DVC works on top of Git repositories and has a similar command line interface and flow as Git. DVC can also work stand-alone, but without versioning capabilities.
DVC codifies data and ML experiments:
Data versioning is enabled by replacing large files, dataset directories, machine learning models, etc. with small metafiles (easy to handle with Git). These placeholders point to the original data, which is decoupled from source code management.
Data storage: On-premises or cloud storage can be used to store the project's data separate from its code base.

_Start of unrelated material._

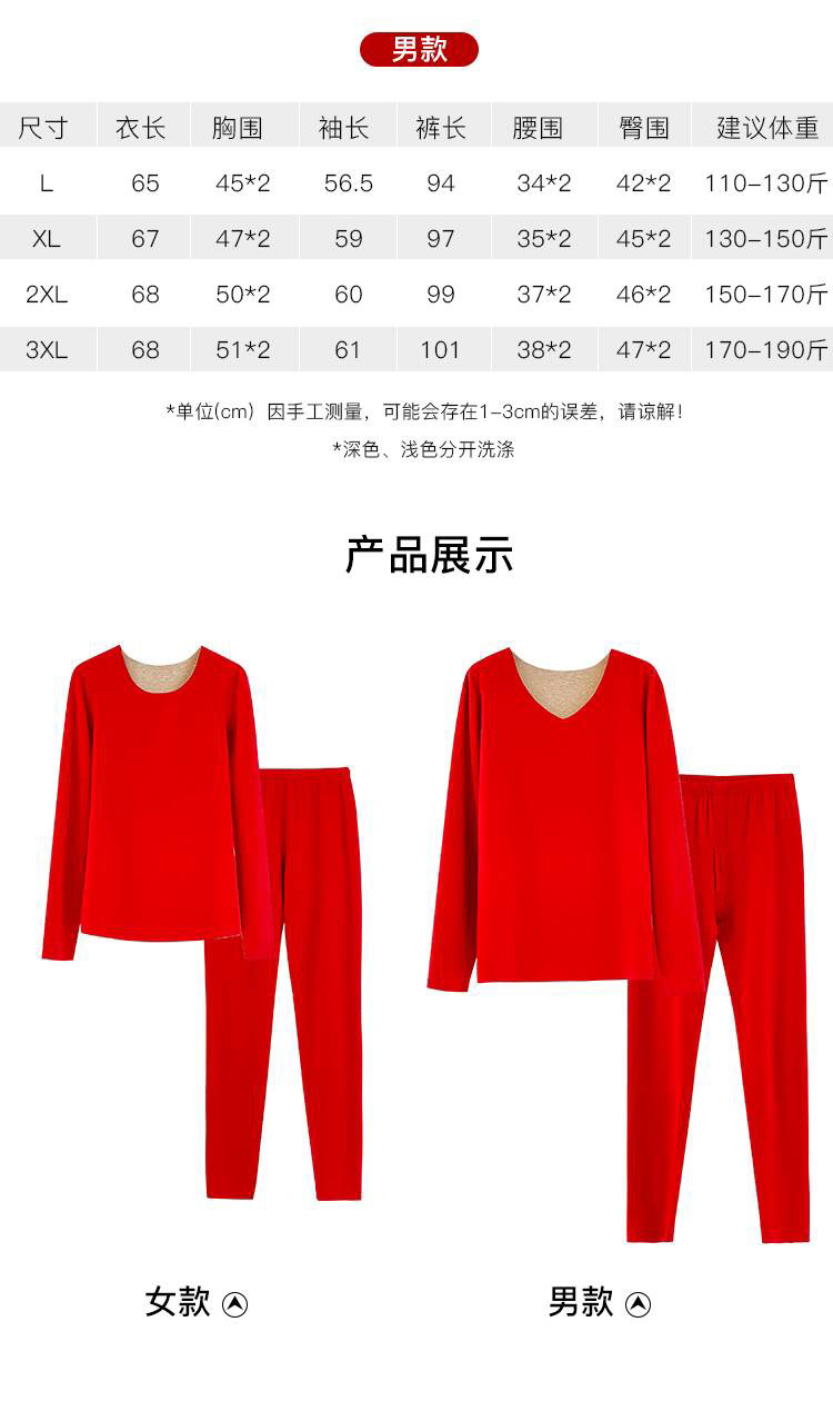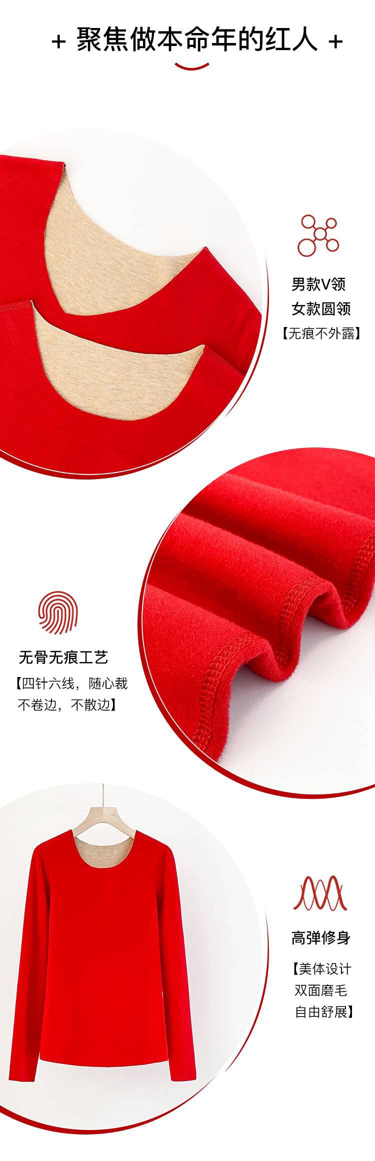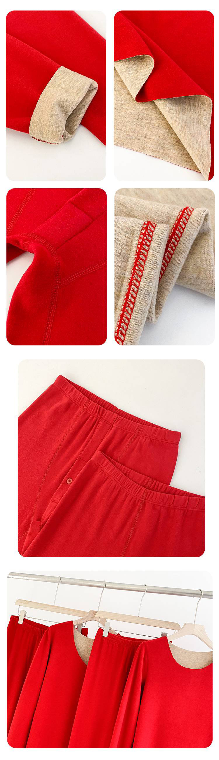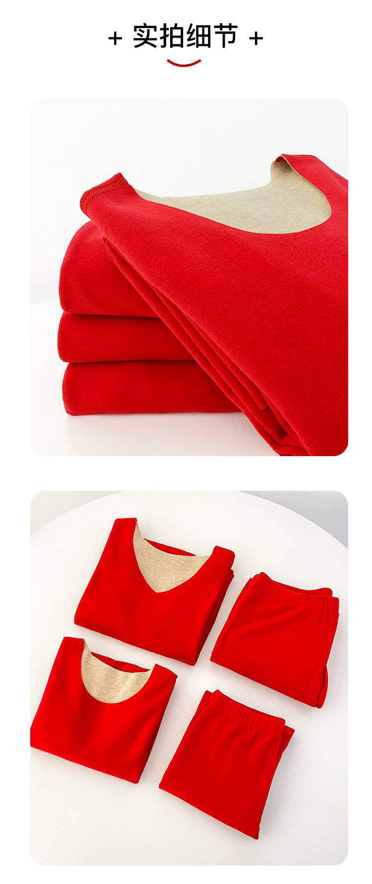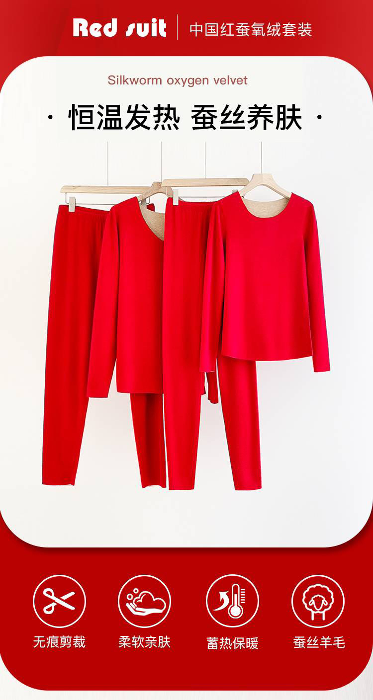 【鸿运吉祥】德绒男女成人款新年红秋冬内衣套装

This is how data scientists can transfer large datasets or share a GPU-trained model with others.
DVC makes data science projects reproducible by creating lightweight pipelines using implicit dependency graphs, and by codifying the data and artifacts involved.

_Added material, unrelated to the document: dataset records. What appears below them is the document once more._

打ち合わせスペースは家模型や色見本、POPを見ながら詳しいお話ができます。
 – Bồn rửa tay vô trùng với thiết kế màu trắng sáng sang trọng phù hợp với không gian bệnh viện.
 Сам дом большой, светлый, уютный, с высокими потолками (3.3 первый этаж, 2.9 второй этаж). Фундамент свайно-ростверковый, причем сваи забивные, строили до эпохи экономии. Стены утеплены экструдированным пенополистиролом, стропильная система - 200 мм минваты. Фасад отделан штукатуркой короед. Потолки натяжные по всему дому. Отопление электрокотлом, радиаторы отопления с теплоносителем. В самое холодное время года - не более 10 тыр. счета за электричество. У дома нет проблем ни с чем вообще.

DVC is platform agnostic: It runs on all major operating systems (Linux, macOS, and Windows), and works independently of the programming languages (Python, R, Julia, shell scripts, etc.) or ML libraries (Keras, Tensorflow, PyTorch, Scipy, etc.) used in the project.
Easy to use: DVC is quick to install and doesn't require special infrastructure, nor does it depend on APIs or external services. It's a stand-alone CLI tool.
Git servers, as well as SSH and cloud storage providers are supported, however.
DVC combines a number of existing ideas into a single tool, with the goal of bringing best practices from software engineering into the data science field.